Special thanks to Bill Preachuk and Brandon Wilson for reviewing and providing their expertise


Columnar storage is an often-discussed topic in the big data processing and storage world today – there are hundreds of formats, structures, and optimizations into which you can store your data and even more ways to retrieve it depending on what you are planning to do with it. This plethora of options came about due to the need to not only ingest data quickly using On-Line Transactional Processing (OLTP) tools, but also because of the need to consume and analyze data with greater efficiency using On-Line Analytical Processing (OLAP) tools. Thousands of different use cases each have their own specific needs and thus, many options have surfaced. For example, reading stock market ticker data requires a completely different mindset than analyzing quality metrics in a manufacturing line. With all these choices, it’s easy to get lost when navigating to your end goal: choosing a tool that works for you.

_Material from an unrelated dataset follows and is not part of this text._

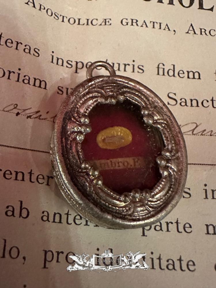 1 Reliquary - Relic Ex Ossibus St. Ambrosius With Original Document

HDP incorporates a number of storage solutions, each of which are tailor-made for specific use cases. We want to start this blog series by talking about the following three tools/engines and their associated storage formats:

  • Apache Hive uses Apache ORC as an efficient columnar storage format that enables  performance for both OLAP and deep SQL query processing
  • Apache Phoenix/Apache HBase together form an OLTP database that enables real-time queries over billions of records and offers fast random key-based lookups as well as updates
  • Apache Druid is a high performance data store that enables real-time time-series analysis on event streams and OLAP analytics over historical data with extremely low latency

In this article, we intend to articulate which tool is appropriate for a given use case, compare and contrast the various tools, and provide a basic guideline for choosing the appropriate tool or set of tools to address your use case.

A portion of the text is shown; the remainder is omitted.